In practice, the safest pattern is:
- one live generator per live stream
- one publisher or transaction consuming that live generator
If you fan out the same live stream to several consumers without verifying the behavior carefully, treat duplicate or missing items as a real risk.
Cancelling a Running Action via Generator¶
You can also use a generator to cancel a running action when a condition is met.
Example: Cancel Consumer After 50 Items¶
using System.Collections.Immutable;
using System.ComponentModel.DataAnnotations;
using QaaS.Framework.SDK.DataSourceObjects;
using QaaS.Framework.SDK.Extensions;
using QaaS.Framework.SDK.Hooks.Generator;
using QaaS.Framework.SDK.Session.DataObjects;
using QaaS.Framework.SDK.Session.SessionDataObjects;
namespace QaaS.Runner.E2ETests.Generators.CancelConsumerGenerator;
public record CancelConsumerGeneratorConfig
{
[Required] public string SessionName { get; set; }
[Required] public string ConsumerName { get; set; }
}
public class CancelConsumerGenerator : BaseGenerator<CancelConsumerGeneratorConfig>
{
public override IEnumerable<Data<object>> Generate(
IImmutableList<SessionData> sessionDataList,
IImmutableList<DataSource> dataSourceList)
{
var itemsPublished = 0;
var liveConsumer = Context.CurrentRunningSessions
.GetSessionByName(Configuration.SessionName)

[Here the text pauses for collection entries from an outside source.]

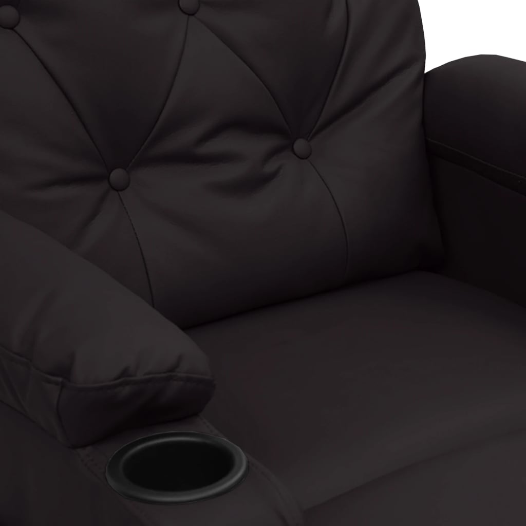 Asseyez-vous et détendez-vous dans ce fauteuil de massage électrique très confortable ! Fonction d'inclinaison électrique : le fauteuil inclinable est équipé d'un moteur électrique pour la fonction d'inclinaison. Il offre 3 positions d'inclinaison et vous pouvez facilement régler le dossier et le repose-pied à l'aide de la commande manuelle à 2 boutons incluse, en fonction de votre confort.Fonction de vibration et de chauffage : les 6 points de massage vous permettent de faire l'expérience d'un massage mieux ciblé. De plus, la télécommande incluse vous permet de choisir différents programmes de massage. La fonction de massage est alimentée par le connecteur USB, mais la source d'alimentation USB 5V certifiée n'est pas incluse. Avec la fonction de chaleur, il soulage la pression de votre taille et favorise la circulation sanguine.Expérience de siège confortable : le siège, le dossier et les larges accoudoirs rembourrés épais recouverts de similicuir procurent une sensation confortable et chaleureuse, vous faisant vous sentir enlacé lorsque vous êtes assis. Le simili cuir est un matériau très résistant. Il est résistant aux taches, ce qui le rend facile à nettoyer avec un chiffon humide. La surface lisse donne également un aspect luxueux et la beauté du cuir véritable.Cadre solide et stable : le cadre en bois et en métal offre une structure solide et une grande stabilité. Ce fauteuil inclinable est confortable et durable.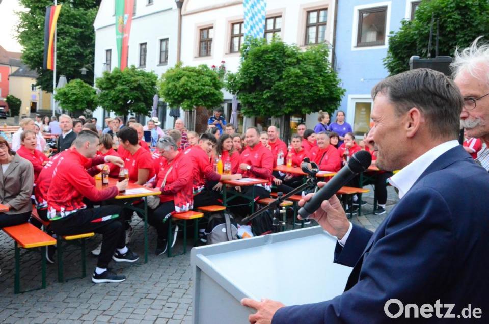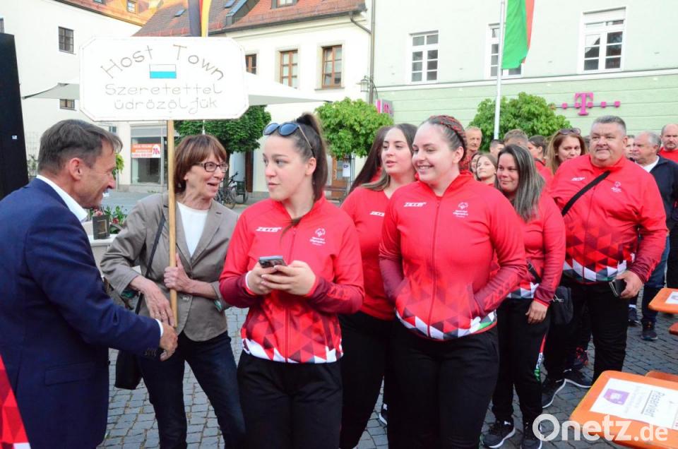 Mit zweieinhalbstündiger Verspätung marschierte die 112-köpfige Special-Olympics-Delegation aus Ungarn am Montagabend vor dem Alten Rathaus ein. Es spielte die "Rüscherl Muse". Die World Games finden ab 17. Juni in Berlin statt. Unter der Schirmherrschaft von Alt-Oberbürgermeister Kurt Seggewiß und der stellvertretenden Landrätin Margit Kirzinger haben die Stadt Weiden und der Landkreis Neustadt die Funktion der Host Town übernommen und dazu ein vielseitiges Programm für die Sportler mit ihren 22 Betreuern auf die Beine gestellt.
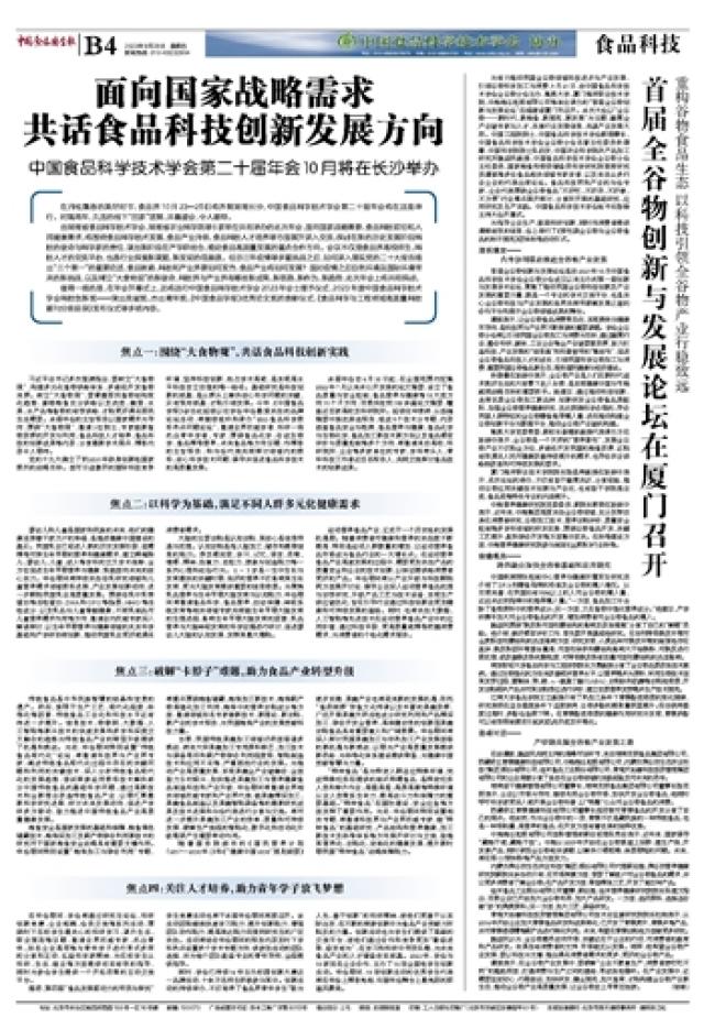 中粮营养健康研究院党委委员、副院长郭斐在致辞中表示,近年来,中粮集团高度关注全谷物领域,充分发挥自身在消费者研究、谷物加工技术、营养功能评价、质量安全控制等多学科领域的研发优势,围绕谷物食品开发、关键工艺提升、配料综合开发等方面集中攻关。在标准建设方面,中粮营养健康研究院参与制定《全麦粉》行业标准。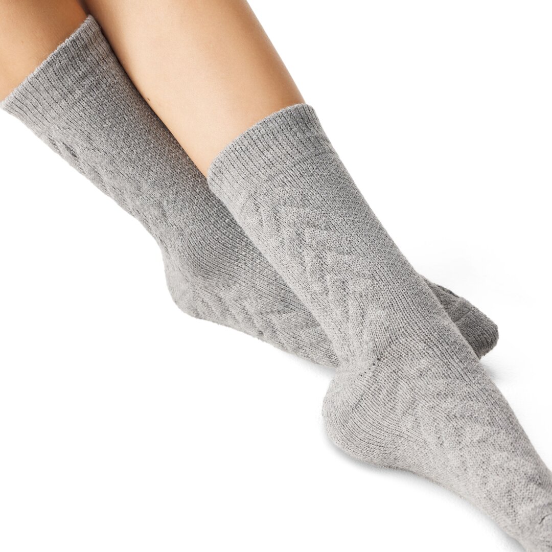 The pattern of these socks imitates one of traditional knitted socks that used to be worn with folk costumes. The modern version is just as nice and will always keep your feet comfortable. The reinforced heel and toe, as well as the loose top that doesn't compress the leg mean these socks will feel nice even when worn all day.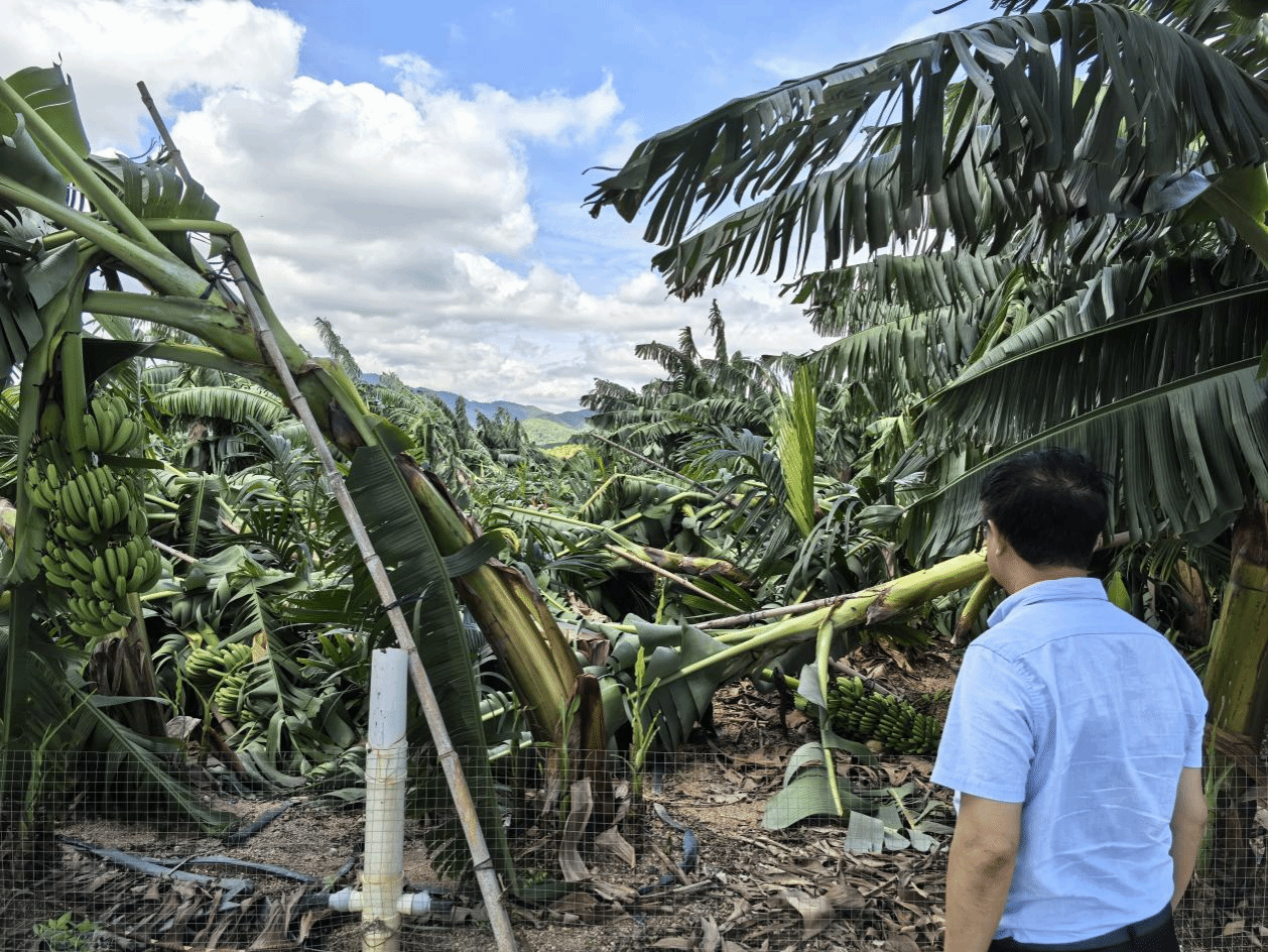 在受灾蕉园,专家团队详细勘察了香蕉树的倒伏情况,针对不同受损程度提出分类救治方案:对轻微倒伏的植株,建议通过扶正加固、修剪受损叶片等方式恢复生长;对根系严重受损的香蕉树,则指导农户及时补种或改种短期作物以减少损失。此外,团队还重点讲解了灾后病虫害防治、土壤肥力恢复等关键技术。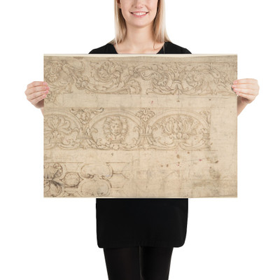 Ornamental Design after the Antique; Bands of Acanthus Rinceaux, Figurated Palmettes, and Shell Cartouches - Anonymous, Italian, 15th to 16th century - 15th–16th century - Canvas Museum quality 7746792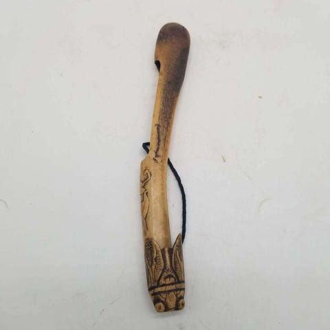 Japansk knoglekiseru-pibe & læder tobakspung med indgraveret kobberløve - Kno...

.GetOutputByName(Configuration.ConsumerName);
foreach (var item in liveConsumer.GetData())
{
itemsPublished++;
yield return item;
if (itemsPublished == 50)
liveConsumer.DataCancellationTokenSource.Cancel();
}
}
}
Key Mechanism¶
liveConsumer.DataCancellationTokenSource.Cancel()signals the running action to stop- this works because the generator is reading the same running communication object that the action is writing to
That makes live generators useful not only for republishing, but also for early termination, failure-path testing, and rate-based control flows.